● Work to complete
The listing below should be reproduced precisely, except for its images.

● Supplied material
# # # # # # #
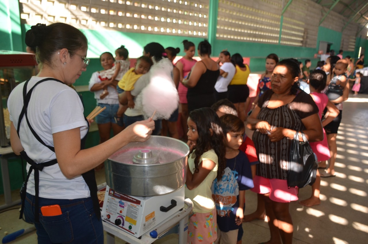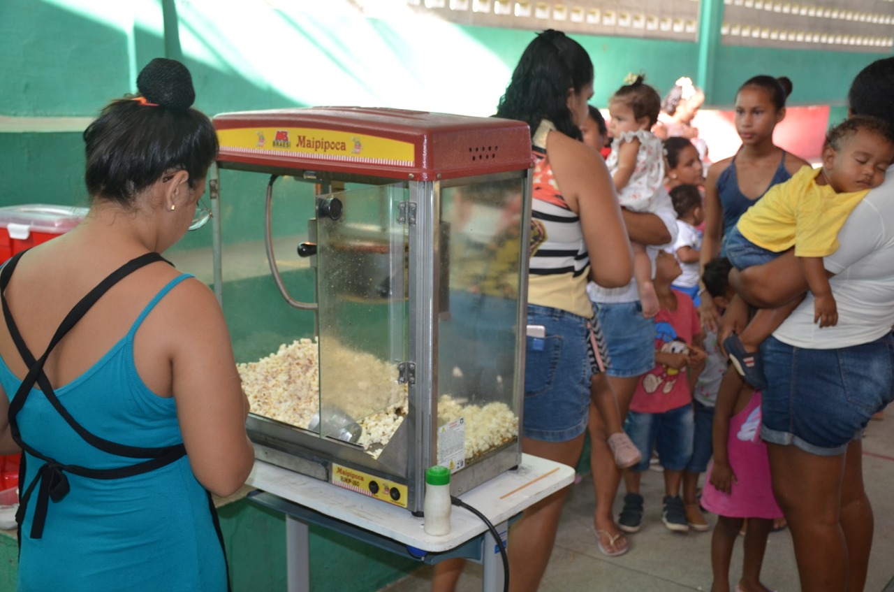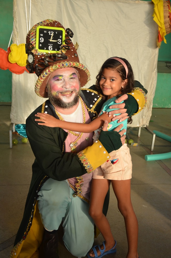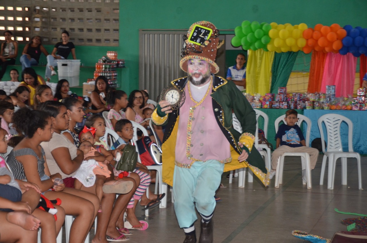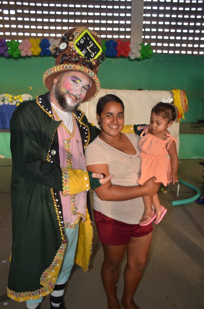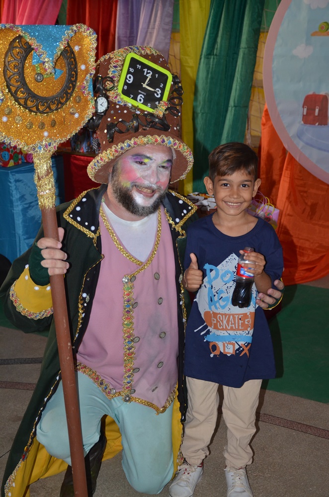 Foi uma tarde de muita alegria, com pula-pula, distribuição de pipocas, algodão doce, lanches para todos os presentes, muitos brindes e apresentação de uma peça infantil com o ator e diretor Vando Farias.
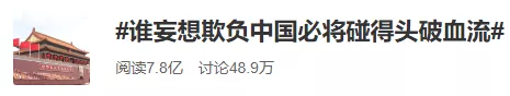 話題#誰妄想欺負中國必將碰得頭破血流#迅速登上熱搜,短短幾小時,閱讀就超過7.8億。(截至發稿,閱讀量還在快速增加。)
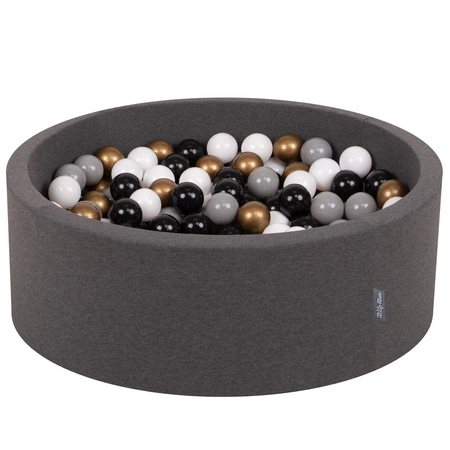 KiddyMoon Bällebad Bällepool mit bunten Bällen ∅ 7Cm  für Babys Kinder Rund, dunkelgrau:weiß/grau/schwarz/gold, 90x30cm/300 Bälle
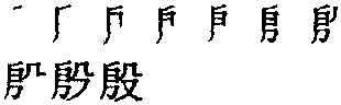 【提示】在异体字整理前,只有在读yīn,表示 “情意深厚” “热情而周到” 等义时,“慇” 是 “殷” 的异体; 用于其他音、义时,“殷” 没有异体。 , 起笔是撇, 不是点; 中间的横,宋体与左右两边相接,楷体与左边相接,与右边相离。右上的几,末笔不带钩,不要写成几。 *殷yān10画 殳部 暗红色: ~红。 另见yīn(476页)。
# # # # # # #
● Result for this task
 Foi uma tarde de muita alegria, com pula-pula, distribuição de pipocas, algodão doce, lanches para todos os presentes, muitos brindes e apresentação de uma peça infantil com o ator e diretor Vando Farias.
 話題#誰妄想欺負中國必將碰得頭破血流#迅速登上熱搜,短短幾小時,閱讀就超過7.8億。(截至發稿,閱讀量還在快速增加。)
 KiddyMoon Bällebad Bällepool mit bunten Bällen ∅ 7Cm  für Babys Kinder Rund, dunkelgrau:weiß/grau/schwarz/gold, 90x30cm/300 Bälle
 【提示】在异体字整理前,只有在读yīn,表示 “情意深厚” “热情而周到” 等义时,“慇” 是 “殷” 的异体; 用于其他音、义时,“殷” 没有异体。 , 起笔是撇, 不是点; 中间的横,宋体与左右两边相接,楷体与左边相接,与右边相离。右上的几,末笔不带钩,不要写成几。 *殷yān10画 殳部 暗红色: ~红。 另见yīn(476页)。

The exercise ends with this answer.